Path: utzoo!utgpu!utstat!jarvis.csri.toronto.edu!mailrus!csd4.milw.wisc.edu!uxc!uxc.cso.uiuc.edu!mcdurb!aglew
From: aglew@mcdurb.Urbana.Gould.COM
Newsgroups: comp.arch
Subject: Re: Criteria ... [really: are N des
Message-ID: <28200313@mcdurb>
Date: 13 May 89 16:18:00 GMT
References: <517@daitc.daitc.mil>
Lines: 58
Nf-ID: #R:daitc.daitc.mil:517:mcdurb:28200313:000:2972
Nf-From: mcdurb.Urbana.Gould.COM!aglew    May 13 11:18:00 1989


>When the goal is measurement, why shouldn't the test conditions and
>predicted outputs be made publicly available?
>
>Jonathan Krueger 

Well, sure... when I publish internal performance reports I try
to specify the conditions, and although I haven't yet put out a
"MIPS Performance Report" for Motorola MCD, when and if I'm asked
to do so I will specify as much about the conditions as possible.

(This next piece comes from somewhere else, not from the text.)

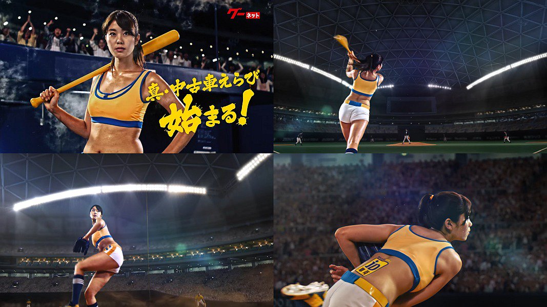 スポーツキャスターでグラビアアイドルで始球式で104Km/hの球を投げる稲村亜美さんが、バッターボックスに立ち、連続で球を見逃し、3球目の赤い球を打つと、グーネットのグーちゃんになる、グーネットのCMです。

But - have you ever tried to completely describe the configuration
of a computer system that you are benchmarking?  There's a lot of
detail there. It's easy to get 4 times as much configuration
text as it is numbers.  "Just write down the important things"
you say - and certainly I'll try. But even that can be a lot.
And even then, it is easy to be bitten by configuration parameters
that you didn't know about. Recently, for example, I was bitten
by a difference between two apparently identical
boards - same copper, same firmware. But a PAL change, to increase
reliability, that had a "negligible effect on performance" 
(so nobody bothered to tell me). 
    Well, in a real customer system the effect would probably be
negligible -- but in the particular aspect of system performance
I was looking at it made a big difference.

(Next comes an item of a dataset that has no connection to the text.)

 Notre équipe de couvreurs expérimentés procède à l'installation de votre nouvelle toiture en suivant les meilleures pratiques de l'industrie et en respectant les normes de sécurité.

Bottom line: yes, a responsible performance evaluator publishes
his measurement conditions, and uses widely available benchmarks
so that you can try to reproduce the results.
    But please don't flame me when you can't reproduce my results 
exactly.
    I take any benchmarks from people that are not at the factory
door for their respective manufacturer with a large grain of salt.
Oh, I'll believe the numbers - but there is probably a large
variance.
    Take numbers for large computers with a larger grain of salt.
Crays, Convexes, Goulds, etc. have a lot of people messing around with
them - field service engineers changing a jumper that "has no effect
on performance" but does.
    Fortunately, it's easier to maintain configuration control of
small systems, like Motorola DELTA boxes, SUNs, MIPS' boxes.
When I came into this role at Motorola MCD I got a very good piece
of advice from someone who had done the same thing at Intel:
get 100% control of the hardware you are going to be making 
measurements on. Shoot anyone else who comes near it.
    I can do this because I am more worried with evaluating OS
performance than hardware (does that tweak to the disk driver make
things run faster?), so I can keep hardware relatively constant
while varying OS code.  But I have nothing but pity for the poor
sods who have to evaluate new hardware as it comes out of the shop
- constantly managing a mish-mash of prototypes, latest revs, etc.
Ouch!

Last word: performance evaluation requires good statistical techniques
more and moreto handle variations. I haven't seen such analysis
in the published benchmark reports yet, but I expect to soon --
and, after all, benchmark reports are only a small part of performance
evaluation.